Scala superimposes a very elegant class hierarchy over Java's type system, balooning out from Any at the top, into AnyRef and AnyVal to cover Java's Objects and primitives respectively, then finally converging, collapsing the reference types onto Null and all types onto Nothing. As I understand it, Nothing is a subtype of everything; Null a subtype of all subtypes of AnyRef/java.lang.Object. [ see http://www.scala-lang.org/node/128 ]

However, there seem to be a few irregularities, a few places where it does not work to simply think of all Scala types as elements of a seamless type hierarchy. I find this irksome, and want to understand the places where I might be surprised.

So far, I know of a few irregularities:

1) Although Null is a subtype of AnyRef, calling null.isInstanceOf[AnyRef] (or other subtypes of AnyRef) returns false. I suspect this was chosen to be consistent with the behavior of Java's instanceof operator.

2) Everything is covariant to Nothing, regardless of variance annotations. If I have a method that returns a type T that is not marked covariant, I can override that method to return type Nothing. [NOTE: this claim is mistaken, see answers and comments below!]

3) I can't apply isInstanceOf to the type AnyVal [ See Why can AnyVal not be used in an isInstanceOf check? and How to test a value on being AnyVal? ]

4) It is illegal to ask whether something isInstanceOf[Null], which is a perfectly coherent thing to ask (although not particularly necessary, since "myVar == null" would give the same answer)

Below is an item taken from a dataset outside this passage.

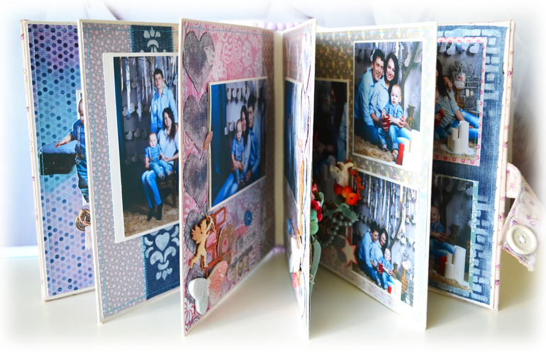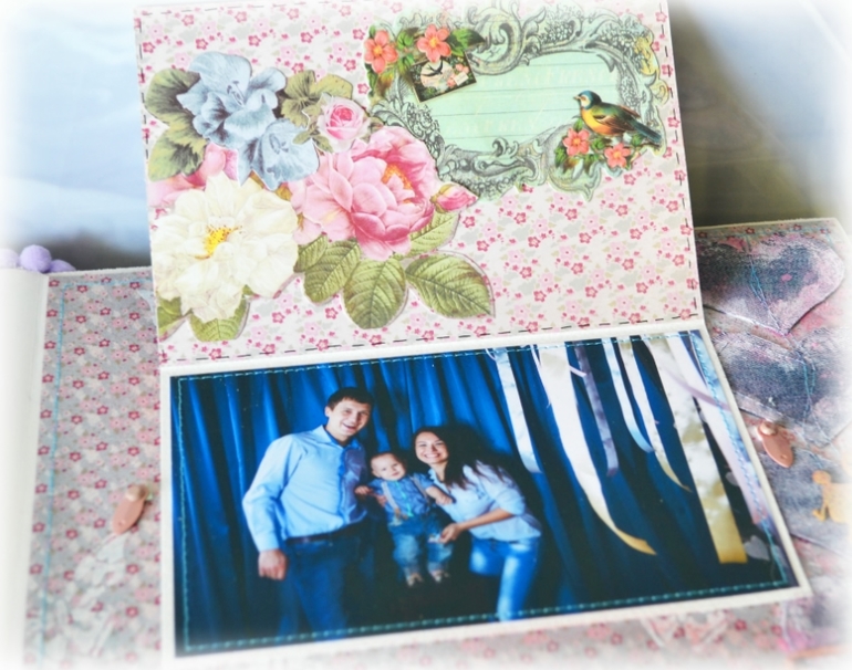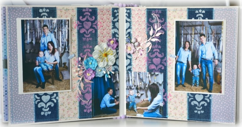 Альбомы СемейныеПоступил мне заказ оформить семейную фотосессию. Глядя на фото, стразу пришла мысль использовать в работе джинс. Но что именно я хочу видеть в итоге, никак не складывалось в голове. И вот после очередного стопятьсоттысячного просмотра этих фоток и нескольких бессоных ночей, я созрела))) Я точно знала, что хочу совместить нежность Тильды, кружев, шитья и цветов с "грубой" джинсовой тканью. Да-да, именно тканью!!! Ну и потом добавились картинки с акрилом, разными красками, спреями, трафаретами....Вообщем "Остапа понесло"! Скажу честно, результатом я довольна. Получился необычный альбомчик. И визуально и тактильно. Смотрим?

Are there other examples of irregularities or special cases in Scala's type hierarchy? I feel like these are worth learning and understanding to avoid unwelcome surprises.

Answer 1

1) "A string is a subtype of AnyRef".isInstanceOf[AnyRef] returns true . This is true for other subtypes of AnyRef as well, except for Null . The only irregularity there is done to be consistent with Java, as you said.

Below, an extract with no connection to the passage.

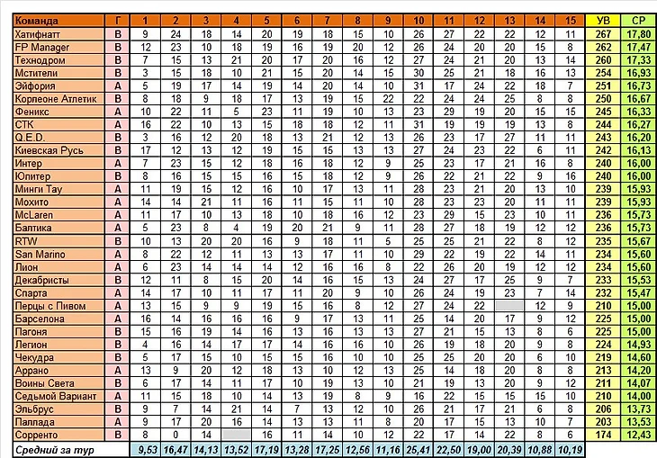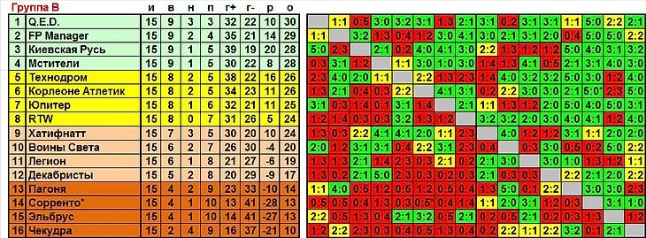 Группа В тоже имела немало интриг к последнему туру, в борьбе за места в топ-4 ключевыми были матчи Киевская Русь – Сорренто и Корлеоне Атлетик – Мстители. «Русичи» сохранили концентрацию и победили одного из аутсайдеров, а Мстители, находясь в положении догоняющих, обыграли «мафию» (в обоих матчах здесь сыграла большую роль «9») и после годичного прозябания в 25-32 заработали шанс побороться за более высокие позиции, аж за медали царапаться будут. Со времён тренерства Стаса «мстители» не забирались в чемпионскую группу. Корлеоне опустился в следующую по статусу, попутно пропустив на 5-ую строчку Технодром. Повлияет это только на график игр финального этапа, впрочем, вполне допускаю, что крупная победа над лидером (к 15-му туру) группы В, FP Manager, приободрит Технодром на успех в новой стадии... Юпитер отстоял место место в первой половине, уже 6-ой чемпионат кряду "инопланетяне" будут завершать в одной из двух верхних групп фин. этапа. А действующий чемпион, Хатифнатт, неожиданно для многих, вылетел из второй 4-ки группы в 3-ю. Поражение в жёсткой схватке от RTW (и снова решил исход больший упор на 3-9 от победителей), выигрыши Технодрома и Юпитера, и "хатти" уже 9-ые, в зубодробительном составе фин. группы 17-24. Обращал я внимание в нарезочке, что ничья с Сорренто может помешать им пробиться в топ-4, а тут и в 5-8 не удержались в плотной борьбе. Правда, конечно, можно найти недобор в каком-либо другом матче, невыигранным Хатифнаттом. Но Сорренто прям неудобным соперником для него становится, единственное поражение именно оно нанесло в финальном этапе весеннего сезона. Сейчас соррентийцы были очень далеки от борьбы за топ-4, и по игре, и по результатам. Эльбрус и Чекудра тоже подходили к последнему туру без шансов на выход из нижней зоны, слишком много туров проиграли... Чекудра в личной встрече одержала лишь 2-ую для себя победу в чемпионате. Только Пагоня могла прорвать границу двух зон, но мало угадала в 15-ом туре и крупно проиграла Юпитеру. Декабристы отделались лёгким испугом после проигрыша Воинам Света. Но теперь в группе 17-24 нужно будет серьёзно попотеть, чтоб пробиться на весну в Суперлигу, а для "реформаторов" актуальна и проблема рейтинга, запас небольшой на данный момент...

2) If B is a subtype of A , that is B <: A , then you can always override a method:

def foo: A = ...

to:

override def foo: B = ...

This is called refining the return type, and is always allowed. Since Nothing is a subtype of every other type ( Nothing <: A for all A ), you can always refine your return type to Nothing (eg by throwing an exception in the body of the method). This is a pretty regular property. The return type covariance is not directly related to variance annotations on type parameters .

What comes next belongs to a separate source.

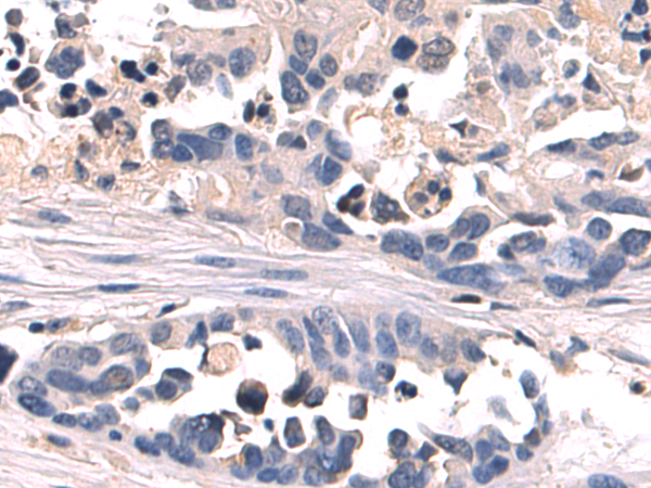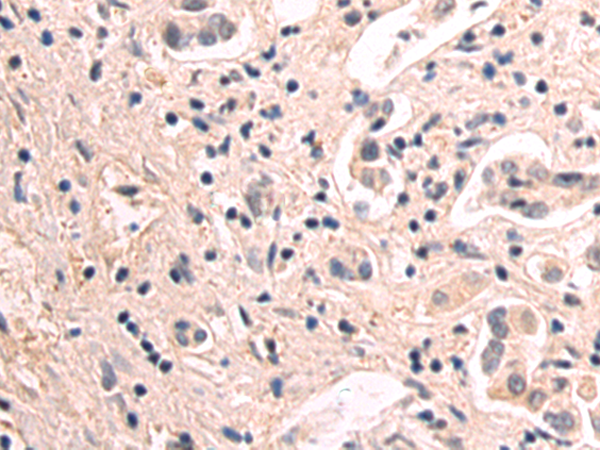 The image is immunohistochemistry of paraffin-embedded Human colorectal cancer tissue using P11949(MAP3K11 Antibody) at dilution 1/50. (Original magnification: ×200) |
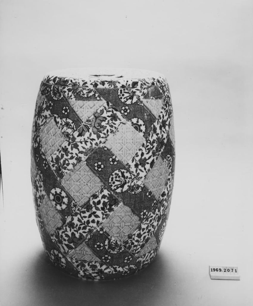 Blue, white, and yellow drum-shaped Chinese garden seat; Overall brocade and floral patterns.

3) The other questions cover this nicely.

4) This is because the Null type does not exist in the Java runtime. I guess if you wanted to emulate this, you could create your own instanceOf method - you would first have to check if the argument is null , otherwise, do the normal isInstanceOf check.

There are other irregularities, yes. See for example: If an Int can't be null, what does null.asInstanceOf[Int] mean?

Arrays are another example, where you may pay the uniformity of generic arrays with boxing/unboxing or instanceof checks at runtime. The new Array[Any] is translated into an object array - storing an integer into the array will result in boxing it. Whenever you use an Array[T] , where T has no upper bound, the array will be patterned matched against the correct runtime array type every time you index an element.

To better understand how you might be surprised it's useful to think in terms of how these constructs are translated to the JVM where there is a notion of primitive and reference types, boxing/unboxing and different array classes.